A number of serotypes (including 4, 1, 2, 15, and 16) of bluetongue have appeared in southern Europe, and their progression has been tracked from North Africa and the Middle East. However, the serotype 8 that is now established in northern Europe, and now in the UK, appears to be related to strains of the virus from sub-Saharan Africa. The question of how the virus came to northern Europe is not an easy one to answer with certainty. Movement of infected midges or, more likely, of infected livestock seems to be the most probable way. The rapid movement of livestock across the globe as part of the globalized economy provides a huge boost to virus mobility. 

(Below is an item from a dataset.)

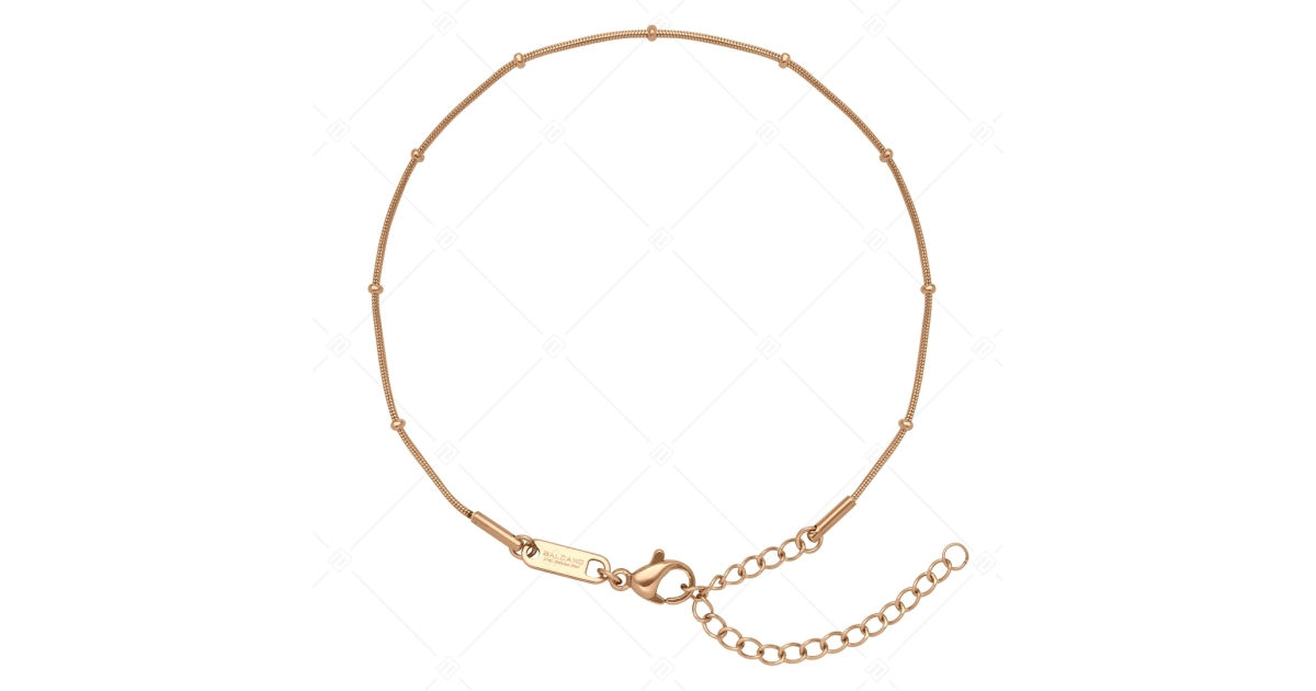 BALCANO - Beaded Snake / Nemesacél bogyós kígyólánc típusú bokalánc 18K rozé arany bevonattal - 1 mm

Currently the Belgian authorities are applying to the European authorities for permission to vaccinate against the disease to prevent its resurgence next year. The disease is causing large numbers of deaths among sheep and economic hardship for farmers coping with the restrictions. As the UK is the largest producer of sheep in the European Union with more than 30% of total production, the spread of the disease here would be particularly damaging. There is, as any visitor to the highlands of Scotland will testify, no shortage of midges in the UK.

Bluetongue is a serious infectious disease like FMD but is transmitted in a different way, and is particularly difficult to control because of its transmission by midges and its silent presence in cattle, as reservoirs. Control of bluetongue in Europe will probably require strategic vaccination, along with large scale testing and slaughter. The experiences in Europe show that when the disease becomes established in the local midge population it is very difficult to control.